Schweitzer says stimulus put 1,000 to work so far

2009-08-19T16:15:00Z Schweitzer says stimulus put 1,000 to work so farGazette News Service The Billings Gazette
August 19, 2009 4:15 pm  • 

HELENA-Federal stimulus money has created about 1,000 jobs in Montana so far, with many more yet to come, Gov. Brian Schweitzer said Wednesday.

State estimates last winter were that Montana would be able to create or save 11,000 jobs with this stimulus money.

Many more Montanans will be working in the coming months because of the infusion of federal money, Schweitzer said, but he added that he couldn't estimate how many yet.

"A lot of the money isn't on the ground yet," Schweitzer said in a national press conference organized by the Democratic National Committee to tout what it called the success of the American Recovery and Reinvestment Act.

Schweitzer estimated about 10 percent of Montana's federal stimulus money is on the ground at this time. He said it "takes a little time" to engineer projects, award bids and begin construction work.

Montana is running behind some states where governors were able to put federal stimulus money to work early on, he said.

Here, the stimulus appropriation bill went through the 2009 Legislature. Schweitzer said he didn't get the bill to sign into law until late April, he said.

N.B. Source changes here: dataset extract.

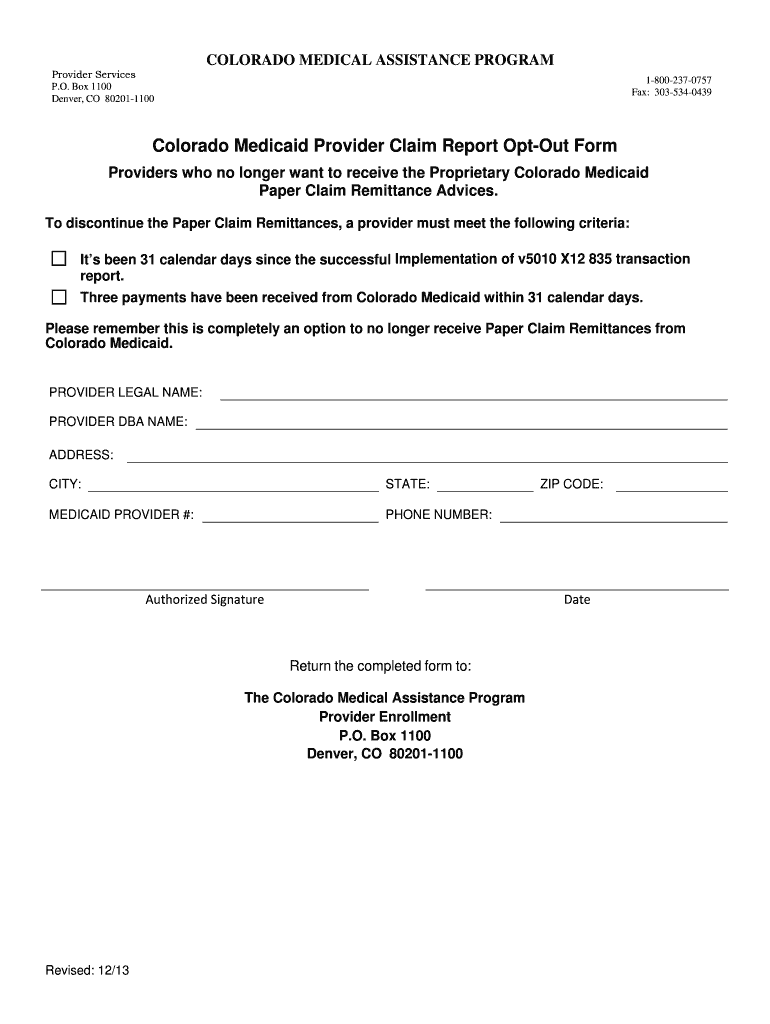 Provider Services P.O. Box 1100 Denver, CO 80201-1100 COLORADO MEDICAL ASSISTANCE PROGRAM 1-800-237-0757 Fax: 303-534-0439 Colorado Medicaid Provider Claim Report Opt-Out Form Providers who no longer

Montana received $904.3 million in federal stimulus money, the Legislative Fiscal Division reported, plus $207.1 million for enhanced unemployment benefits.

Schweitzer's spokeswoman, Sarah Elliott, said the latest state figures, through June, show that 418 jobs have been created from stimulus money through the state Department of Labor and Industry, 267 jobs through the Commerce Department and 140 jobs through the Transportation Department. Smaller numbers of jobs came through other departments.

Because Montana is one of only two states not facing a budget deficit and has the largest budget surplus in state history, it doesn't have to spend money to "shore up state programs," as many states have done, Schweitzer said.

Montana's share of the stimulus money is being spent on the ground, he said.

"In Montana, we hadn't proposed laying anyone off," he said.

Schweitzer said the largest chunk of the stimulus money-- $220 million -- (DASH) is being spent to make Montana's highways and bridges safer.

Some money is being spent to make state buildings and schools throughout Montana more energy efficient, he said. Other funds will be spent to make drinking water safer in parts of Montana and for wastewater treatment.